A bigger picture 300 pixels wide

https://dlcs.io/iiif-img/wellcome/5/b22031194_0009.jp2/full/300,/0/default.jpg

                                                      region size  quality format
                                                      \    //   |  |     | |  /
https://dlcs.io/iiif-img/wellcome/5/b22031194_0009.jp2/full/300,/0/default.jpg

A 256 x 256 tile requested by a deep zoom viewer

https://dlcs.io/iiif-img/wellcome/5/b22031194_0009.jp2/768,2048,256,256/256,/0/default.jpg

                                                        ____region____  size   quality format
                                                       /              \ |   |  |     | |  /
https://dlcs.io/iiif-img/wellcome/5/b22031194_0009.jp2/768,2048,256,256/256,/0/default.jpg

Image servers need to be FAST

The client makes many requests for tiles, possibly hundreds or even thousands as the user pans and zooms around the image. This would be very slow and compute-intensive with a naive implementation - open the 100MB hi-res image, crop, resize, convert to JPEG, serve the tile; do this hundreds of times a second to deal with real world load.

While most image servers can deal with many standard image formats, performance is dramatically improved if the source images are JPEG2000 or Pyramidal TIFF. These formats allow progressive access. They encode multiple resolution levels. You don't need to open the whole bitmap but instead can randomly access the part of the file you need to generate the current tile.

We use JPEG2000. There are two JPEG2000 libraries we use for decoding: Kakadu, which is commercial, and OpenJPEG which isn't. On Wellcome we use the IIPImage Server compiled with Kakadu, and on other projects we use IIPImage compiled with OpenJPEG. Kakadu is very fast. OpenJPEG is catching up, but still has a way to go.

Given a disk volume full of JPEG2000s, and an IIPImage server with that volume mounted, you can make requests like those above and it will open the right file and generate the derivative requested. It needs a file system, rather than (say) AWS S3, because it needs to make random access reads of the JPEG2000.

So why the DLCS?

We could just have a cluster of one or more IIPImage Servers, a sensible file naming scheme, and lots of disk space accessible by those servers.

The problem with that is scale. Wellcome has a lot of images - ~ 40 million and counting, dozens of terabytes of disk space. They are already storing them in S3, for digital preservation.

Access to these images also follows a steep long-tail distribution. Many images won't get looked at for months or even years, whereas some are looked at all the time.

We want the best of both worlds - we want the low cost of S3 storage for terabytes of images, especially as many of them are rarely used.
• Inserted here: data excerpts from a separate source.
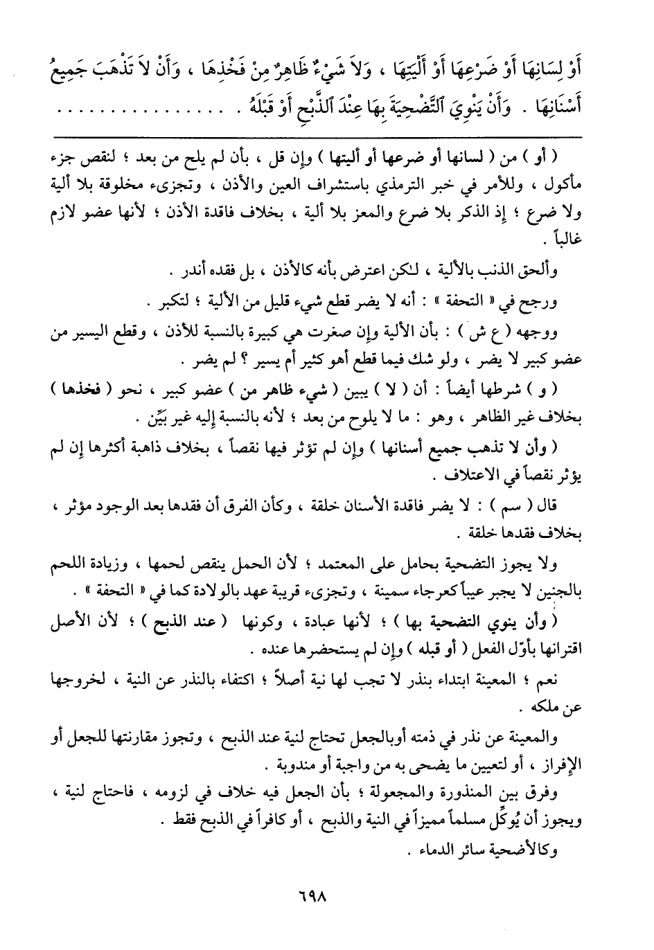 ورجح في "التحفة": أنه لا يضر قطع شيء قليل من الألية؛ لتكبر.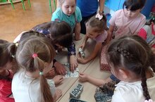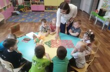 С детьми 2 группы раннего возраста провели занятие с элементами методики М. Монтессори. Дети закрепляли знания о геометрических фигурах - круг и квадрат, поиграли в игру , "Подбери крышку к банке", игра поручение "Сортировка круп", а так же поиграли в музыкальную физминутку" Паровозик" и дидактическую напольную игру "Найди цвет".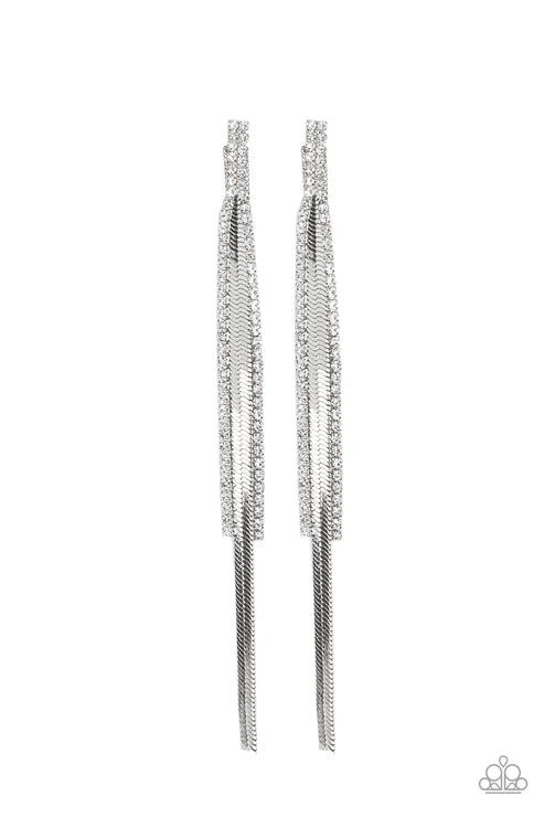 Two strands of dainty white rhinestones join a flat silver chain, coalescing into an edgy lure. Earring attaches to a standard post fitting.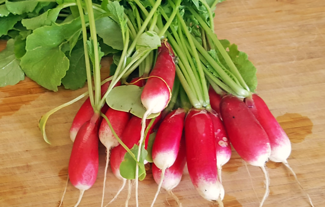 Củ cải ăn sáng kiểu Pháp có lá hình hoa thị nhỏ gọn. Lá cũng giống như rau ăn củ, không có vị đắng, được dùng để làm món salad.

But we need the performance and crucially the random access file system behaviour of EBS and similar volumes.

The DLCS is an attempt to have this cake and eat it.

The DLCS uses IIPImage under the hood. But it fronts it with an Orchestrator that copies files from S3 origins to a local volume for use by IIPImage. As far as IIPImage is concerned, whenever it gets a request to extract a region from an image, that image is where it expects it to be on a locally readable disk. But it's only there because the orchestrator ensured it was there before the request arrived at IIPImage.

At any one time, only a very small subset of the possible images that the DLCS knows about (that have been registered) are on expensive fast disks. This cache is what the DLCS maintains - ensuring images are present when IIPimage needs them, and scavenging disk space to keep this working set at a sensible size.

The rest of the images that the DLCS knows about are in S3. Sometimes this S3 will be the DLCS's own bucket, because it copied the image there from its original origin when the image was registered, or because it created a JPEG2000 derivative from the original origin version so it could serve tiles faster.

But sometimes, it will be the customer's S3 bucket - if the image is already a tile-optimised JPEG2000, and if the DLCS knows it can just fetch it from there whenever it needs to Orchestrate in the future, then no additional storage is required - the DLCS treats customer origins like this as if it were its own storage. This usually requires some granting of cross-AWS account access, so the DLCS can read the customer's bucket(s).

We need more than this MVP

The description above is the core of what the DLCS does. But we need more! It gets far more complex when it's a managed service that needs to support other functionality, and integrate via its API with customer digitisation workflows, and for Digirati to use on our projects in lots of different ways. It needs to be a managed service, with admin UI, APIs and other features. And there are some issues with the simple orchestration scenario described above.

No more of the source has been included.